Vocative singulars in Slavic languages appear to be irregular as a consequence of the Slavic first palatalization, which caused *k, *g and *x, when followed by an *e (as in the vocative suffix), to become č, ž, and š, respectively. Some modern Slavic languages have replaced these forms with a more regular vocative ending, so for example in Czech the usual masculine animate vocative is -e, except for roots ending in velar consonants, where it is now usually -u (e.g. chlap > chlape, but vlk > vlku). This is an instance of the paradigmatic complexity introduced into Slavic by successive waves of palatalisation, with some languages retaining more complex or irregular paradigms (such as Czech), and others tending towards simplification and regularization (such as Russian, which has lost the vocative as a productive case entirely).

===Baltic languages===
====Lithuanian====

The vocative is distinct in singular and identical to the nominative in the plural, for all inflected nouns. Nouns with a nominative singular ending in -a have a vocative singular usually identically written but distinct in accentuation.

In Lithuanian, the form that a given noun takes depends on its declension class and, sometimes, on its gender. There have been several changes in history, the last being the -ai ending formed between the 18th and 19th centuries. The older forms are listed under "other forms".

| Masculine nouns | Nominative | Vocative |  | Translation | Feminine nouns | Nominative | Vocative |  | Translation |
| Current standard | Other forms | Current standard | Other forms |
| o-stems | vilkas | vilke! |  | wolf | a-stems | tautà [sg.] | taũta! |  | people |
| jo-stems | vėjas | vėjau! | Old Lith. vėje! | wind | e-stems | katė | kate! |  | cat |
| ijo-stems | gaidys | gaidy! |  | rooster | i-stems | avis | avie! |  | sheep |
| a-stems | viršilà | viršìla! |  | sergeant-major | r-stems | duktė | dukterie! | dukter! | daughter |
| e-stems | dėdė | dėde! |  | uncle | irregular | marti | marti/marčia! |  | daughter-in-law |
| i-stems | vagis | vagie! |  | thief | proper names | Dalià | Dãlia! |  |  |
| u-stems | sūnus | sūnau! |  | son | diminutives | sesutė | sesut(e)! |  | little sister |
| n-stems | vanduo | vandenie! | vanden! | water |  |  |  |  |  |
| proper names | Jonas | Jonai! | Old Lith. Jone! | John |  |  |  |  |  |
| diminutives | sūnelis | sūneli! |  | little son |  |  |  |  |  |

Some nouns of the e- and a- stems declensions (both proper ones and not) are stressed differently: "aikštė": "aikšte!" (square); "tauta": "tauta!". In addition, nouns of e-stems have an ablaut of long vowel ė in nominative and short vowel e //ɛ// in vocative. In pronunciation, ė is close-mid vowel , and e is open-mid vowel //ɛ//.
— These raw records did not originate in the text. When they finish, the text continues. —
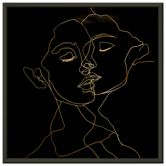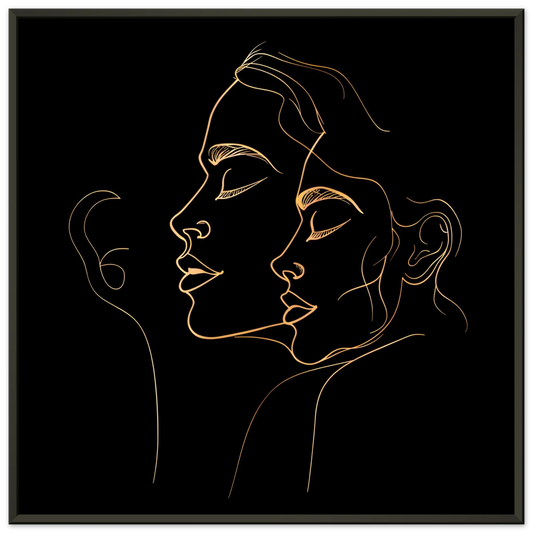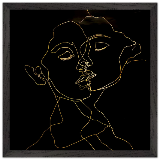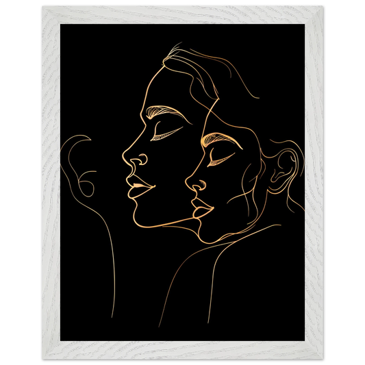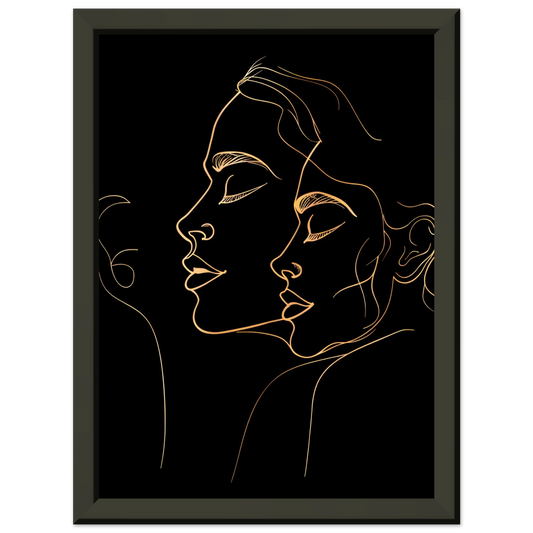 Abstract Line Art – Intimate Faces Silhouette. Premium Wooden Framed Poster With Premium Matte Paper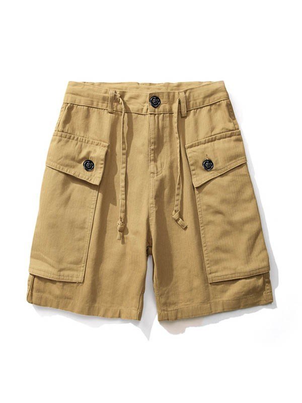 Khakifarbene Cargo-Shorts mit aufgesetzten Taschen für Herren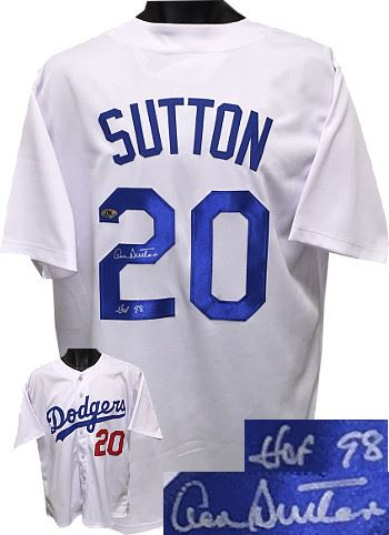 In the majors, he played 23 years for the Los Angeles Dodgers, Houston Astros, Milwaukee Brewers, Oakland Athletics, and California Angels. He won a total of 324 games, 58 of them shutouts and five of them one-hitters, and he is seventh on baseball's all-time strikeout list with 3,574 K's. This is a Don Sutton Los Angeles Dodgers unsigned White unlicensed custom-prostyle jersey with twill stitched nameplate and numbers with HOF 98 inscription. MAB Hologram and Certificate of Authenticity from Athlon Sports Collectibles.

The vocative of diminutive nouns with the suffix -(i)ukas most frequently has no ending: broliùk "brother!", etc. A less frequent alternative is the ending -ai, which is also slightly dialectal: broliùkai, etc.

Colloquially, some personal names with a masculine -(i)(j)o stem and diminutives with the suffixes -elis, -ėlis have an alternative vocative singular form characterized by a zero ending (i.e. the stem alone acts as the voc. sg.): Adõm "Adam!" in addition to Adõmai, Mýkol "Michael!" in addition to Mýkolai, vaikẽl "kid!" in addition to vaikẽli, etc.

===Celtic languages===
====Goidelic languages====
=====Irish=====
The vocative case in Irish operates in a similar fashion to Scottish Gaelic. The principal marker is the vocative particle a, which causes lenition of the following initial letter.
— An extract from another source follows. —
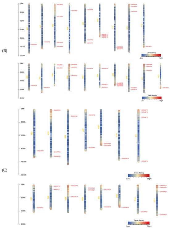 3.2. Basic Analysis of DUSP Families in Four Major Cotton Species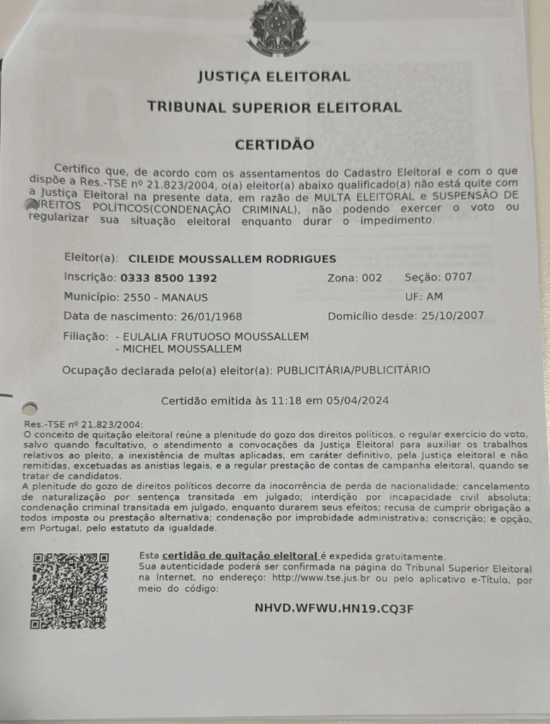 MANAUS (AM) – A blogueira Cileide Moussallem, proprietária do blog CM7, teve os direitos políticos suspensos após condenação criminal com trânsito em julgado e pagamento de multa em processos que tramitam na Justiça Eleitoral, conforme certidão emitida pelo Tribunal Superior Eleitoral (TSE). O documento, datado de 5 de abril de 2024, indica que Moussallem “não está quite com a Justiça Eleitoral”. Ela assinou acordos para pagamento de multa, parcelado em até 60 vezes, o que, segundo a Constituição Federal, implica na suspensão dos direitos políticos enquanto durarem os efeitos da sentença. Veja documento:

In the singular there is no special form, except for first declension nouns. These are masculine nouns that end in a broad (non-palatal) consonant, which is made slender (palatal) to build the singular vocative (as well as the singular genitive and plural nominative). Adjectives are also lenited. In many cases this means that (in the singular) masculine vocatives resemble the genitive and feminine vocatives resemble the nominative.

The vocative plural is usually the same as the nominative plural except, again, for first declension nouns. In the standard language first declension nouns show the vocative plural by adding -a. In the spoken dialects, the vocative plural often has the same form as the nominative plural (as with the nouns of other declensions) or the dative plural (e.g. A fhearaibh! = Men!).
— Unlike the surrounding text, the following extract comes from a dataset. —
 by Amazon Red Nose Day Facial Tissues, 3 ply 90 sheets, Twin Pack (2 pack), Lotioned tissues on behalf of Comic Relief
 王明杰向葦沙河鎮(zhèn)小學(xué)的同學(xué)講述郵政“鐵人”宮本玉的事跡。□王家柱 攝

| Gender |  | Masculine |  |  | Feminine |  |  |
| Sg. | Nominative | an fear mór | an buachaill mór | Seán | an bhean mhór | an deirfiúr mhór | Máire |
| Genitive | an fhir mhóir | an bhuachalla mhóir | Sheáin | na mná móire | na deirféar móire | Mháire |
| Vocative | a fhir mhóir | a bhuachaill mhóir | a Sheáin | a bhean mhór | a dheirfiúr mhór | a Mháire |
| Pl. | Nominative | na fir móra | na buachaillí móra |  | na mná móra | na deirfiúracha móra |  |
| Genitive | na bhfear mór | na mbuachaillí móra |  | na mban mór | na ndeirfiúracha móra |  |
| Vocative | a fheara móra | a bhuachaillí móra |  | a mhná móra | a dheirfiúracha móra |  |
| English |  | the big man | the big boy | John | the big woman | the big sister | Mary |

=====Scottish Gaelic=====
The vocative case in Scottish Gaelic follows the same basic pattern as Irish. The vocative case causes lenition of the initial consonant of nouns. Lenition changes the initial sound of the word (or name).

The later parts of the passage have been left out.